EXERCISE: The answer must consist solely of the lines from the one containing "- Effective Protection: Not" through the last line of the records below, repeated exactly, with all pictures omitted.

◆ ◆ ◆

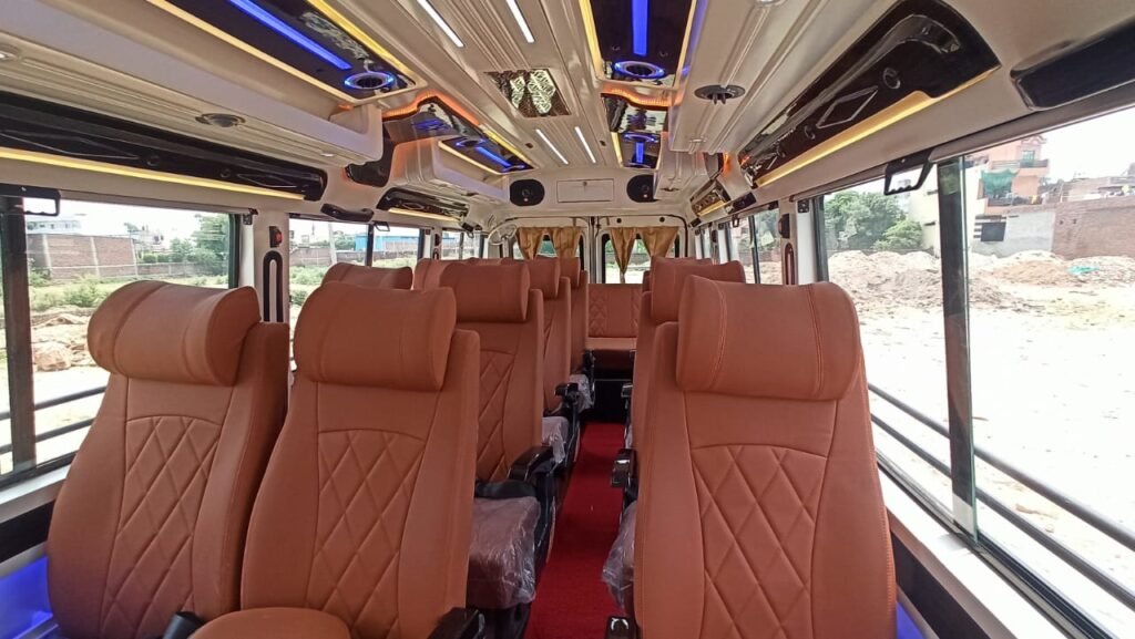 17 Seater Tempo Traveller in Patna: Ideal for medium-sized groups, featuring reclining seats, powerful AC, and ample legroom.
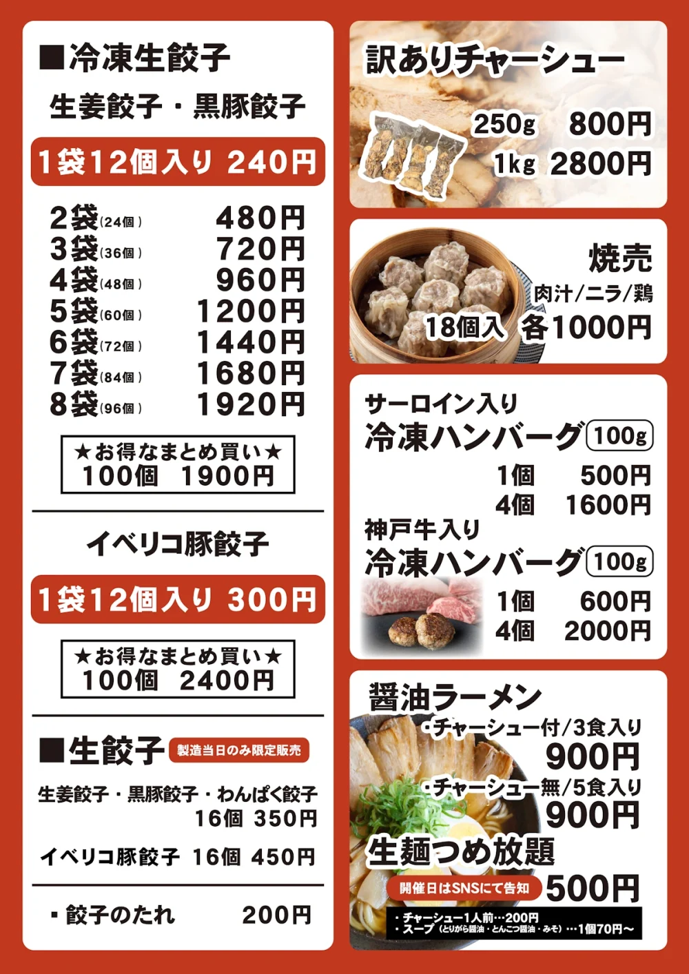 定番の「冷凍生餃子」は、一人暮らしでも買いやすい「12個入(240円)」から、お得にまとめ買いできる「100個入(1,920円)まで、いろんな個数で用意されています。製造当日のみ限定販売される「生餃子」は、16個(350円)から。
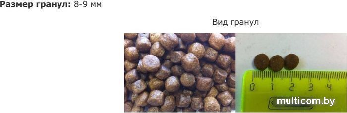 | Питательные вещества | Протеин - 28%, Жир – 16%, Клетчатка – 2,4%, Зола - 6%, Влажность - 9%. |
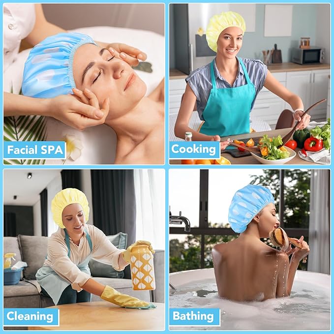 - Effective Protection: Not only can you use a shower cap to keep your hair dry when bathing, but you can also block dust and oily fumes when cleaning or cooking.
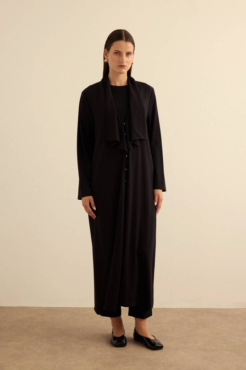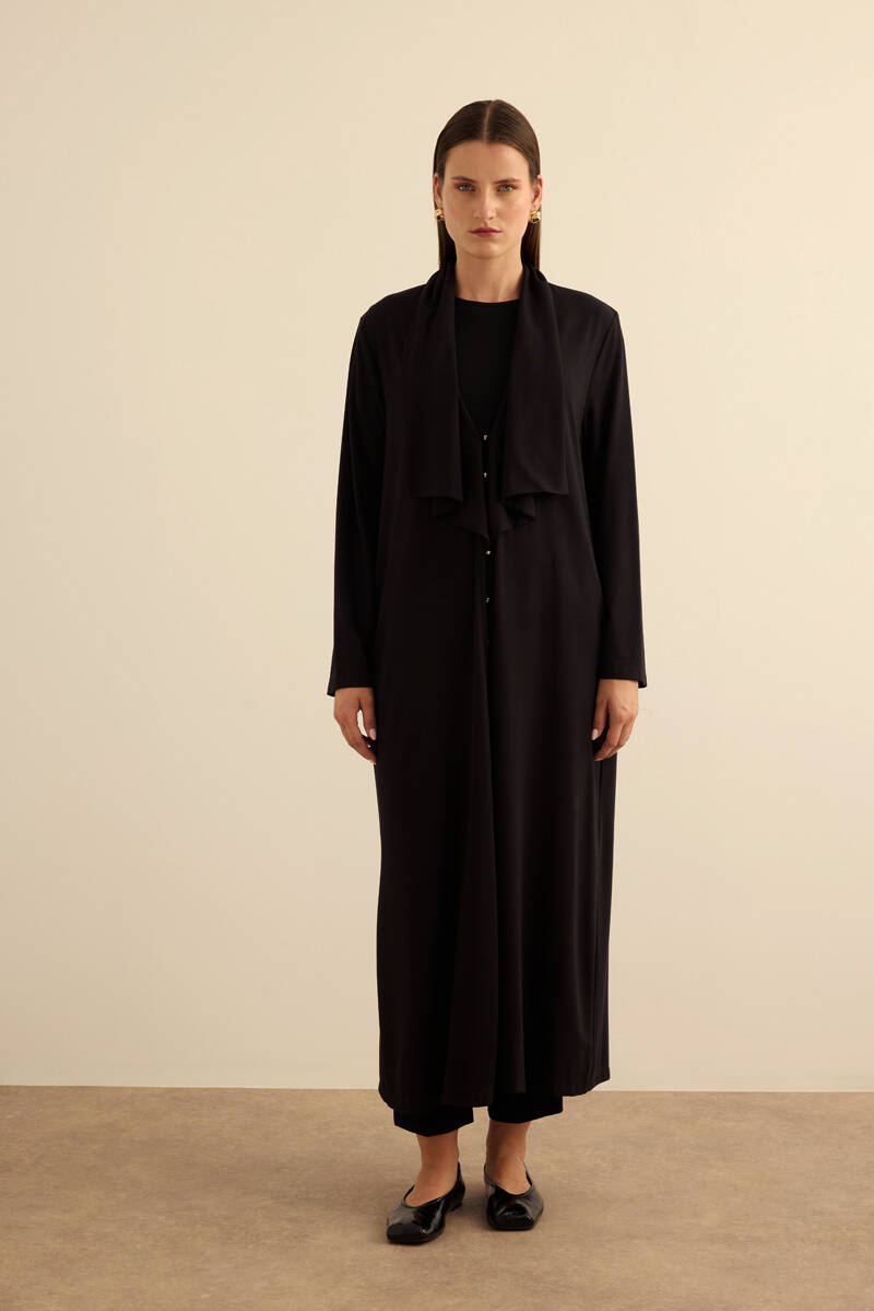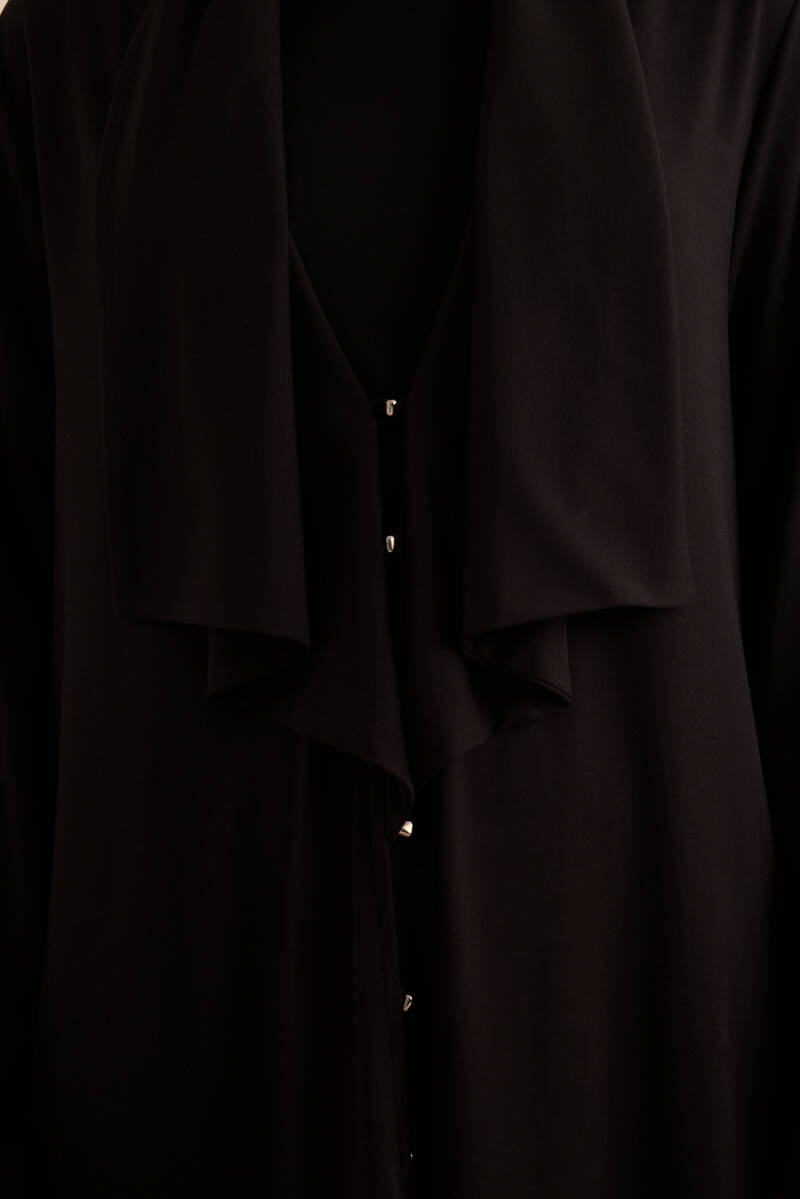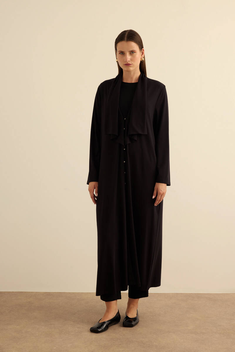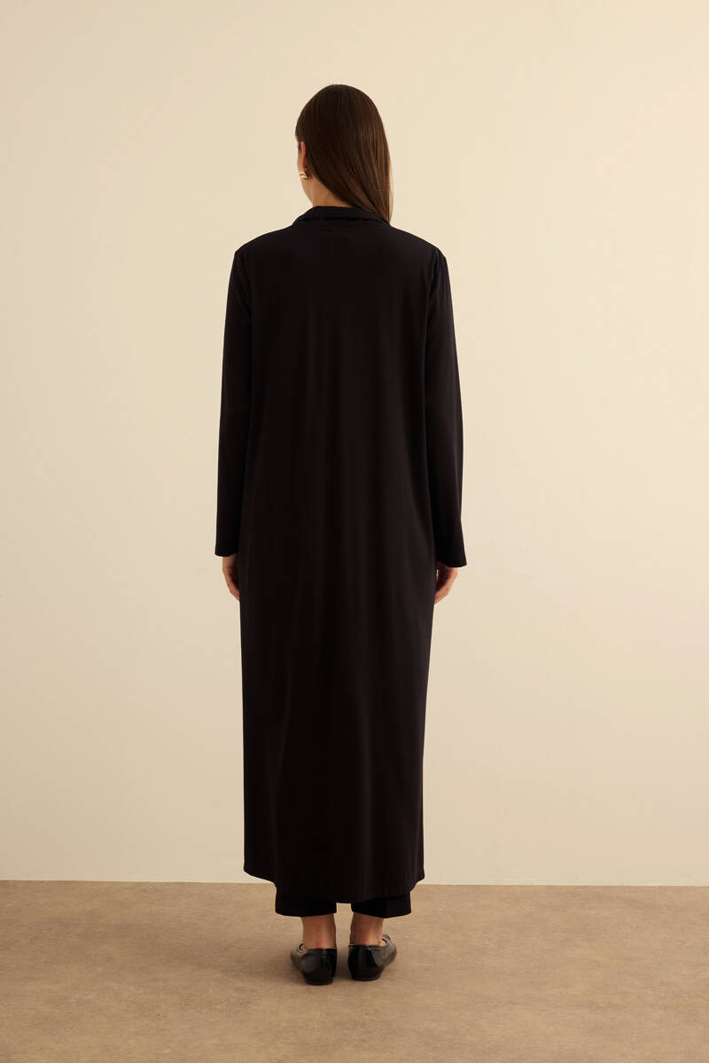Siyah Önden Düğmeli Yakası Geri Dönüşlü Örme Hırka

◆ ◆ ◆

ANSWER BOX:
 - Effective Protection: Not only can you use a shower cap to keep your hair dry when bathing, but you can also block dust and oily fumes when cleaning or cooking.
Siyah Önden Düğmeli Yakası Geri Dönüşlü Örme Hırka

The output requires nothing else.